9.5/10, 0.5 deducted for neither writing "Q.E.D." at the end nor drawing a box in the bottom-right corner.


----------



## Kit Clement (May 2, 2014)

Sa967St said:


> The number of competitors who chose 4x4x4 over 5x5x5 is quite surprising IMO.
> Oh well, the 5x5x5 round will be fun.



On that note, if anyone would like to switch between 4x4 and 5x5, or any other events, make sure you do so by the 7th. Use the contact form on the cubingusa website and tell me the change if you are having trouble accessing your registration.


----------



## Torch (May 2, 2014)

Will this competition be on Cubecomps?


----------



## TheDubDubJr (May 2, 2014)

For anyone that is curious, Cube Melt is by far the more superior competition. 

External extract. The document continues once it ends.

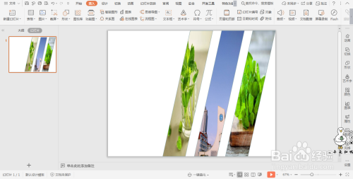 在PPT中三张图片进行排版的方法如下: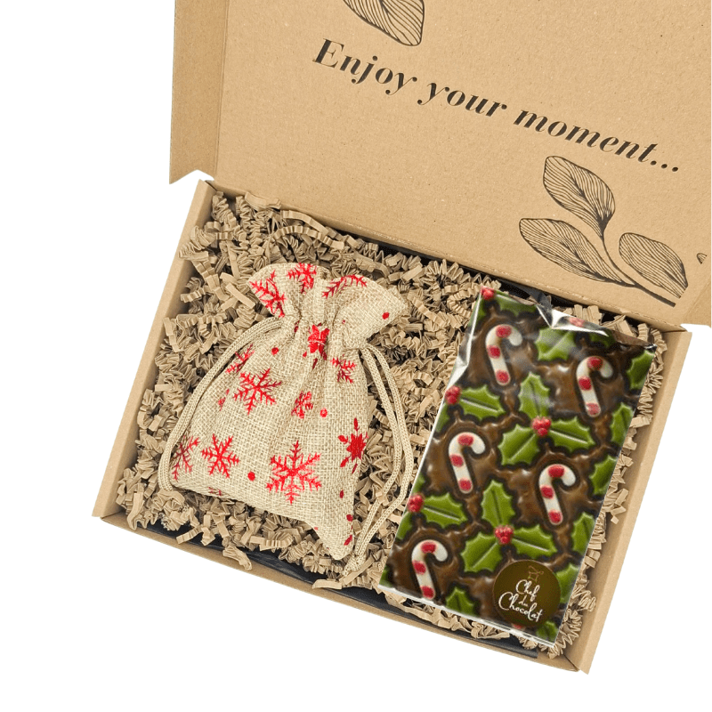 Verwen iemand deze kerst met een origineel brievenbuspakket vol lekkers én groen. Dit pakket combineert een heerlijke handgemaakte kerstchocolade met een feestelijk jute zakje gevuld met 5 tulpenbollen. Ideaal om direct als cadeau te versturen en iemands dag extra speciaal te maken. Voeg een leuke wenskaart toe en wij doen de rest 😉

I mean just look at both of the Delegates and ours is already better! :tu


----------



## Rubiks560 (May 2, 2014)

This is true.


----------



## Mikel (May 2, 2014)

I'm considering coming to this competition because in the Minnesota Cube Melt thread, they told me the competition would melt my cubes. I don't want to have to buy all new cubes after the competition.


----------



## kcl (May 2, 2014)

Mikel said:


> I'm considering coming to this competition because in the Minnesota Cube Melt thread, they told me the competition would melt my cubes. I don't want to have to buy all new cubes after the competition.

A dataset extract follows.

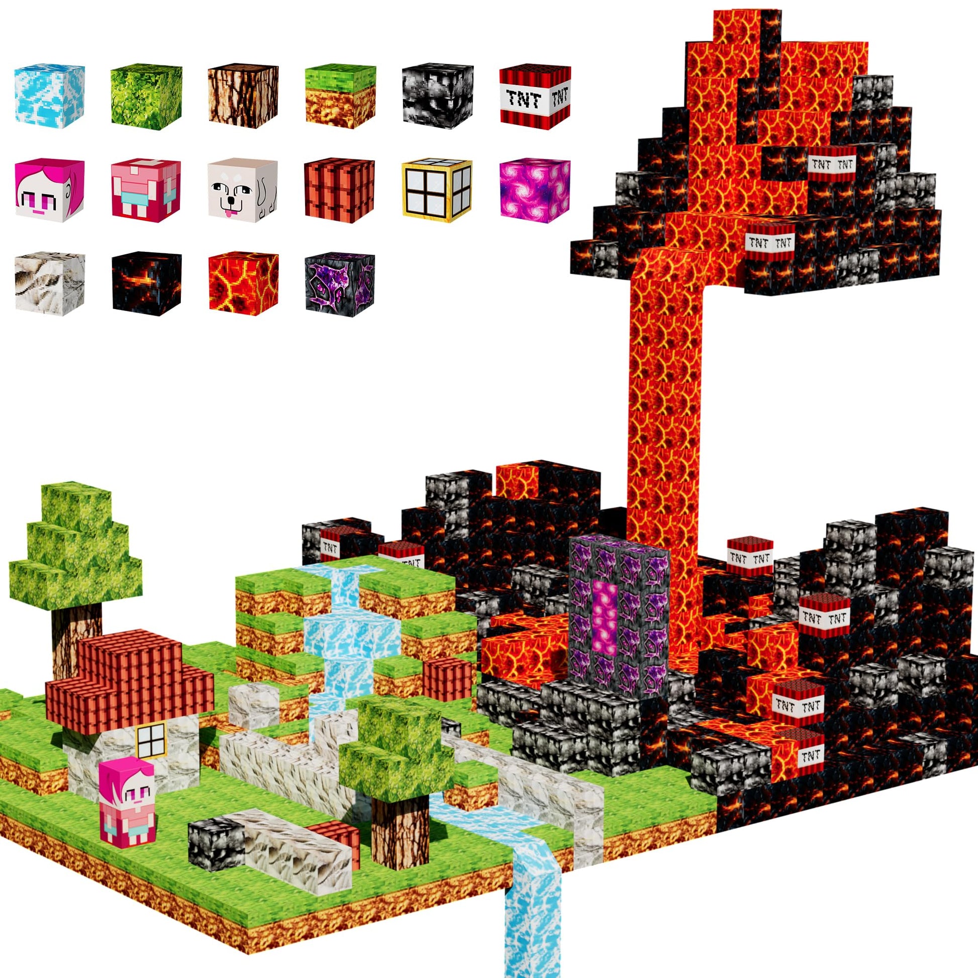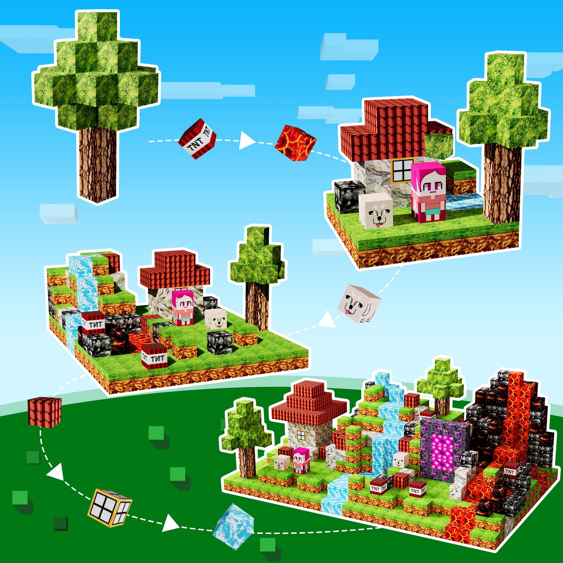 - Q: What types of elements are included in this building set? A: The Petenjoy Magnetic Blocks set includes 16 buildable elements such as granite, water, trees, grass, lava, portals, doors, windows, characters, and animals, enabling kids to create various games, scenes, and stories.

But this one will drive you insane (may MADness), and therefore you won't cube at all!


----------



## TeddyKGB (May 2, 2014)

People from Minnesota aren't allowed in this thread.


----------



## Sa967St (May 2, 2014)

Does anyone want to carpool with Thompson and me? There's room for 4 more people in his car.


----------



## kcl (May 3, 2014)

TeddyKGB said:


> People from Minnesota aren't allowed in this thread.



What about MinneSNOWta? I have never heard of this Minnesota that you speak of.


----------



## Coolster01 (May 3, 2014)

Wait, so there is only one round of 2x2 average of 5?


----------



## Rubiks560 (May 3, 2014)

Coolster01 said:


> Wait, so there is only one round of 2x2 average of 5?



Nahhh. I hear it's 1 round of single.


----------



## Kit Clement (May 3, 2014)

Coolster01 said:


> Wait, so there is only one round of 2x2 average of 5?



3x3 round 2 is the only weird format we'll have.


----------



## Coolster01 (May 7, 2014)

Kit Clement said:


> 3x3 round 2 is the only weird format we'll have.



 I'm going!


----------



## SpicyOranges (May 7, 2014)

I wish I didn't live far from this.


----------



## CubesOfTheWorld (May 7, 2014)

The man who filled up the front page will be there.


----------



## Kit Clement (May 7, 2014)

The livestream and bracket prediction info are now ready:

Stream: https://www.youtube.com/watch?v=UTK5xPlvtt8
Bracket Prediction: http://www.bracketmaker.com/tmenu.cfm?tid=453920&tclass=Michigan May Madness

The winner of the bracket prediction competition will receive your choice of a LingPo, WeiLong, or WeiSu! (Sorry, USA/Canada for prizes only) Once we have the results of the first round entered, we will fill out the bracket as quickly as possible so you can make an entry. You'll have until 2PM Eastern to submit a bracket. Ties will be broken by 

1) Most 1st round matches correct
2) Most 2nd round matches correct
...
Last) Earliest submission time

Good luck!


----------



## Genius4Jesus (May 7, 2014)

Kit Clement said:


> The livestream and bracket prediction info are now ready:
> 
> Stream: https://www.youtube.com/watch?v=UTK5xPlvtt8
> Bracket Prediction: http://www.bracketmaker.com/tmenu.cfm?tid=453920&tclass=Michigan May Madness
> ...



What event(s) are going to be streamed?


----------



## kcl (May 7, 2014)

I'm gonna be watching this at cube melt


----------



## Coolster01 (May 7, 2014)

So we have to make online brackets at the comp, our will there be paper ones? 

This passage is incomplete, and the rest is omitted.